Adjust by floor area
Normally leave this box selected, floor area differences between baseline and actual will result in a simple straight line proration.
Turn off when:
- Floor area changes are irrelevant to cost avoidance.
- Cost avoidance adjustment is more complex than a straight line proration.
- Use a special adjustment instead, using adjustment factors you have created by way of engineering calculations.
Pre-baseline years
You can add one or two years of billing data to the weather regression analysis if you have entered additional PRIOR years of bills. By adding one or two additional years, the baseline chart will include one or two years of bills preceding the baseline start date. This can be useful to obtain a better baseline regression, particularly when the 12-month baseline year is abnormally hot or cold.
Note that the baseline period is still 12 months, but the data used to create the regression model is extended to additional prior years.
Do not use this feature when the meter's weather sensitivity has changed greatly in any of these years because of HVAC equipment or building envelop upgrades!

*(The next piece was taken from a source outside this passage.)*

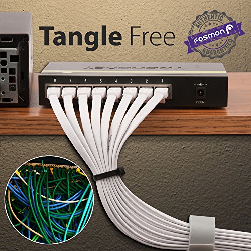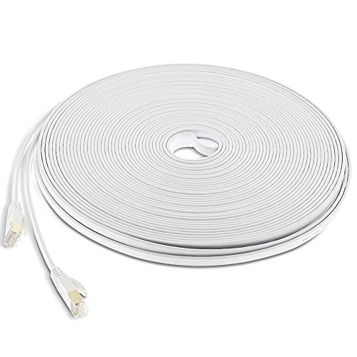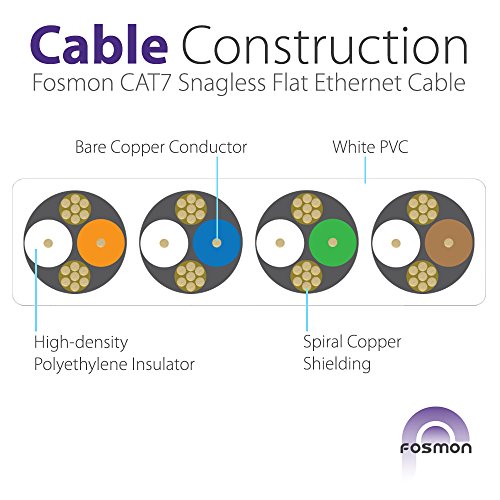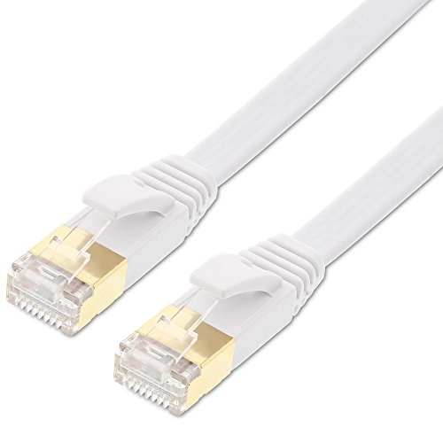 CAT7 Flat Ethernet Cable, Fosmon (White - 100 Feet) CAT7 Snagless RJ45 Ethernet Network Patch Cable [FLAT Tangle Free] - Ultra Speed 10 Gigabit 600Mhz Patch - Modem / Router / LAN / Printer / MAC / Laptop

Cooling and heating adjustment
When a meter is obviously not weather sensitive in a season (a gas meter in the summer, a water meter, an electric meter in the winter in a non-electric heat building) it's best not to attempt an adjustment to save processing time and avoid potential confusion.
Cool above or heat below
This is the degree day balance point temperature for this meter, which you can adjust up or down. Meters in modern, well-insulated , highly internally loaded buildings that are not very sensitive to outside conditions will have lower balance points (average 52F-60F) while meters in older and smaller buildings that are more sensitive to the outside temperature will have higher balance points (60F-65F). Many government and industry degree day data sources use 65F as an unchangeable standard (which dates back to the 1930s) but experience has shown better correlations at lower balance points.

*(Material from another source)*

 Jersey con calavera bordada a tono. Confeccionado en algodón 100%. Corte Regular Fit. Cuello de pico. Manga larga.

Delete individual months from weather chart
Deleted points are indicated by a black circle. You can click a point to manually delete it from the weather analysis. Weather adjustments will never be performed for any deleted points, in other words if you delete December because it's an abnormal point, WEATHER ADJUSTMENTS WILL NEVER BE MADE IN DECEMBER.
This makes sense when the December billing period includes a three-week holiday shutdown, so the use in December is far below what the weather model predicts. Often the manual deletion of an unusual baseline point will provide a better overall weather model, keeping in mind that the deleted month will never be weather adjusted (as shown in report CAP06 with weather indicated as OFF).